The first instance of the above general question occurs for a kinetically constrained model on the ternary tree \({\mathbb T} ^3\), with the local constraint \(c_x\) requiring at least \(j=2\) of the \(k=3\) children of \(x\) to be vacant. The natural obstacle for the dynamics—previously an infinite ray of \(1\)’s in the \(j=3\) case corresponding to standard percolation—now becomes a binary regular subtree of \({\mathbb T} ^3\) where the configuration is identically equal to one. By the results of Pakes and Dekking [7] (see also [2]), generalizing the work of Chayes et al. [3] for the binary tree, it is known that the associated bootstrap percolation model undergoes a first order phase transition at \(p_c=8/9\), unlike the second order phase transition of percolation. This may therefore suggest that, when \(p\) crosses the critical point \(p_c=8/9\), the relaxation time jumps from \(O(1)\) (cf [19]) to exponential (as e.g. in the Ising model in the setting of a first order phase transition). However, rather natural test functions, like e.g. the indicator of the event that the root is occupied after \(L\) iterations of the bootstrap map, do not support the above scenario and, for \(p=p_c\), still give a bound \(\Omega (L^2)\) on the relaxation time, exactly as in the percolation \(j=3\) case. Numerical simulations for a similar unoriented model [22] also suggest a poly\((L)\) relaxation time. Thus it may be possible that the nature of the phase transition at \(p_c=8/9\) is more subtle than what appears and finding the correct behavior of the relaxation time at criticality remains a very interesting and challenging problem.

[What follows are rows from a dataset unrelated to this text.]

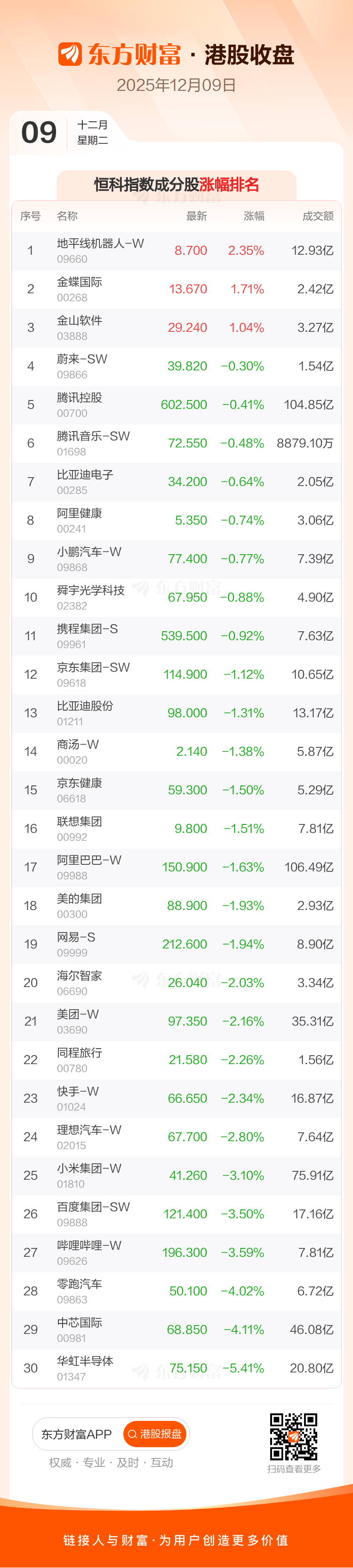 港股12月9日收盘走低,恒生指数收报25434.23点,跌331.13点,跌幅1.29%;恒生科技指数收报5554.68点,跌107.87点,跌幅1.9%。恒生指数成分股中、、涨幅居前,、、跌幅靠前。恒生科技指数成分股中、、涨幅居前,、、跌幅靠前。
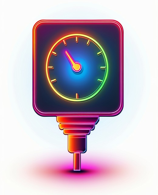 发光霓虹灯线数字测速仪图标孤立在白色背景。全球网络高速连接数据速率技术。黑色方形按钮。矢量
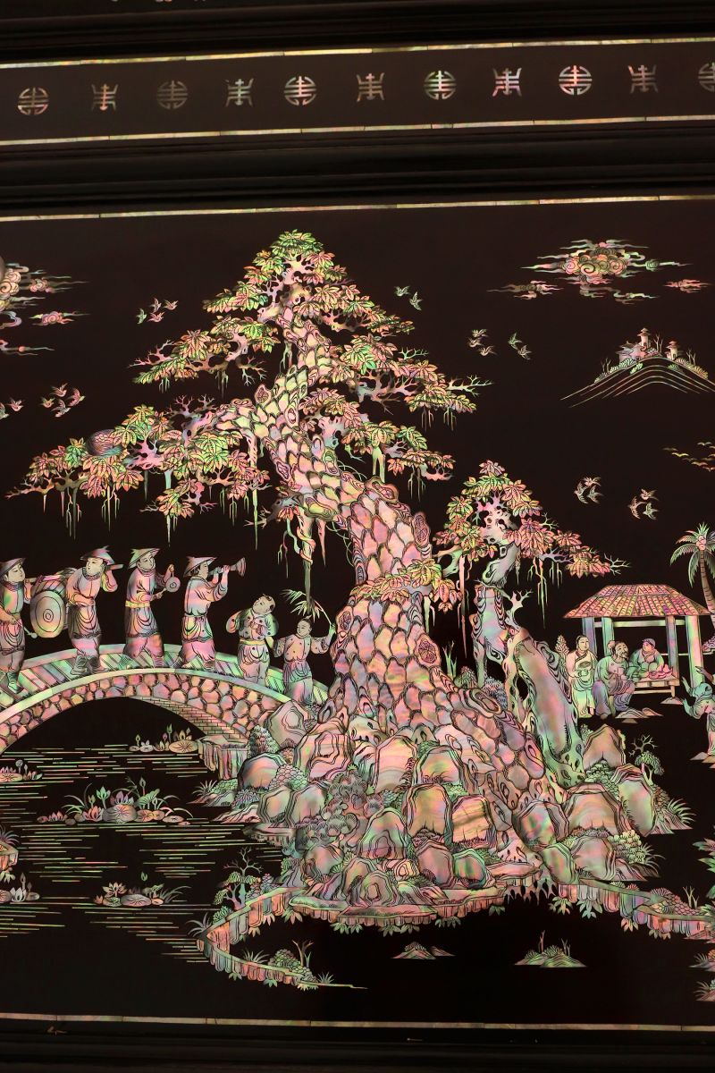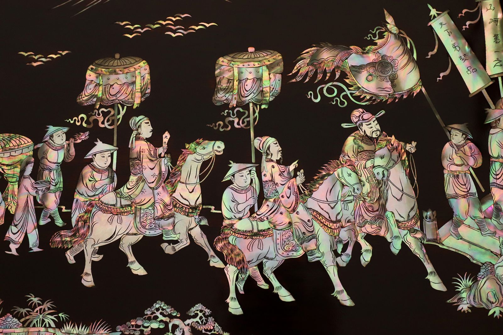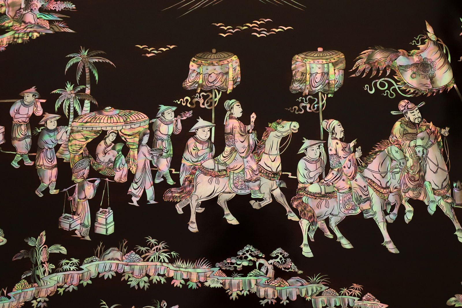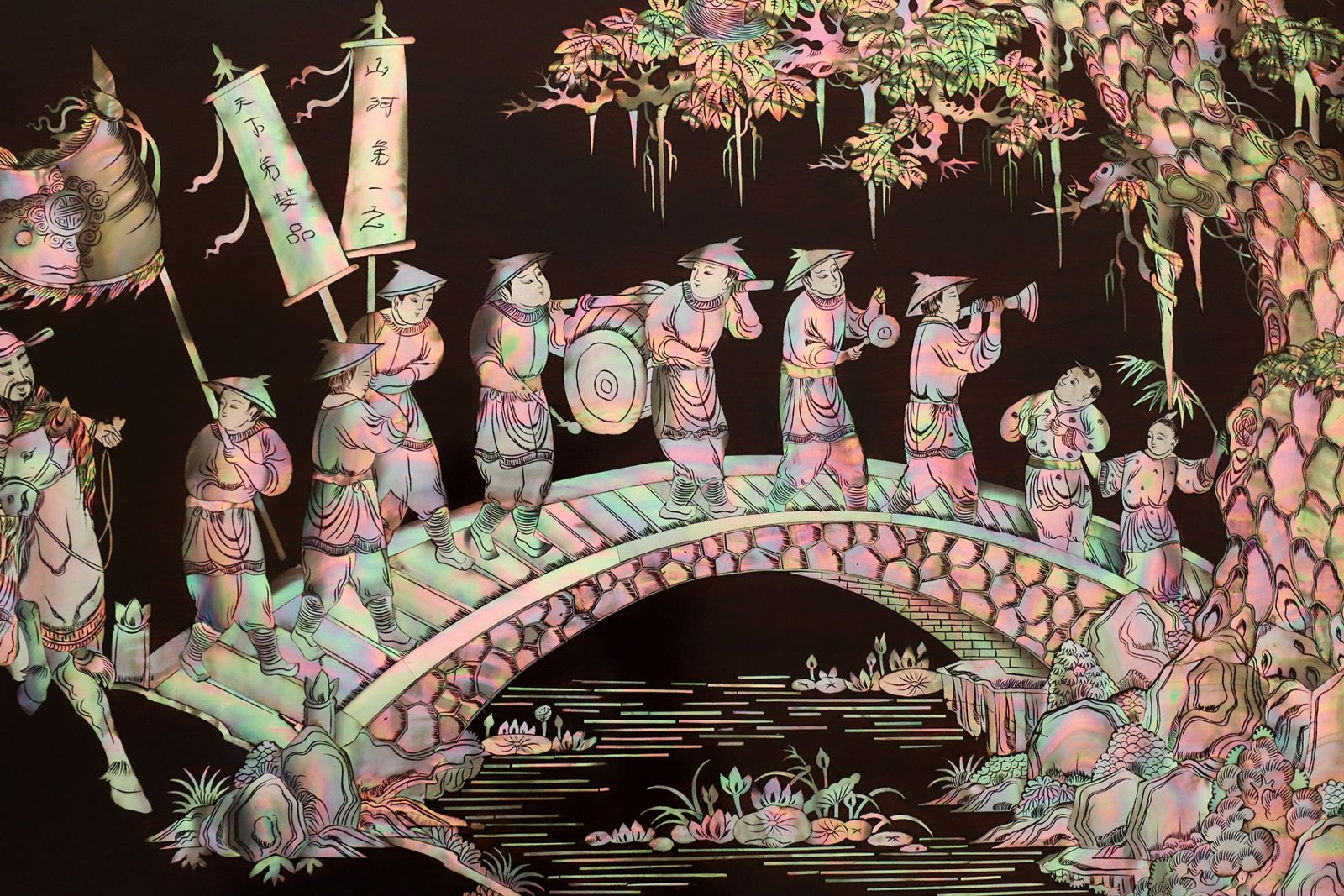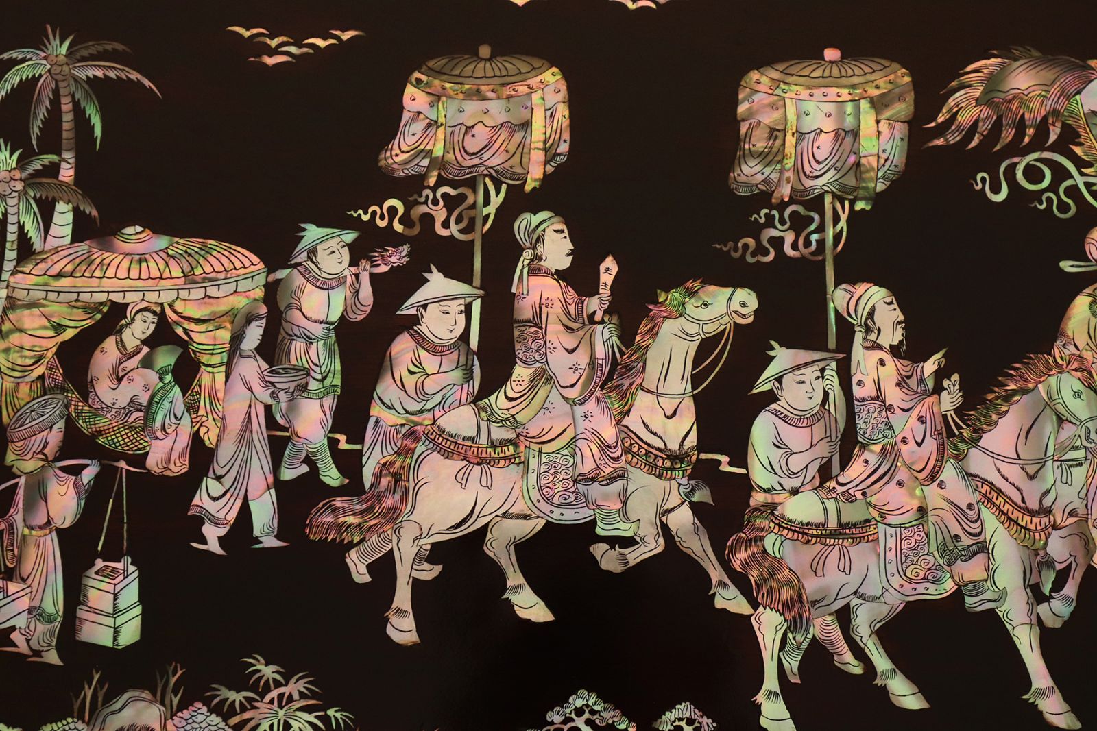 TRANH GỖ GỤ KHẢM ỐC { VINH QUY BÁI TỔ }

(iii) Using the comparison methods of [19, Sect. 4], our results on the relaxation time can be transfered with minimal changes to the un-oriented case defined as follows. On the un-rooted regular tree with degree \(k+1\), consider the kinetically constrained model in which a vertex can be updated iff at least \(k\) of its \(k+1\) neighbors are vacant. The critical value \(p_c\) at which ergodicity breaks down coincides with the critical value of the oriented model on \({\mathbb T} ^k\) considered so far (cf. [19, Theorem 1]). Moreover the relaxation time (on the infinite tree or on finite subtrees with suitable boundary conditions) can be bounded from above and below by the corresponding relaxation time in the oriented case. The comparison between the mixing times is more indirect since one has first to compare the logarithmic Sobolev constants of the two models and then use the general bounds relating the latter to the mixing times (see e.g. [21]).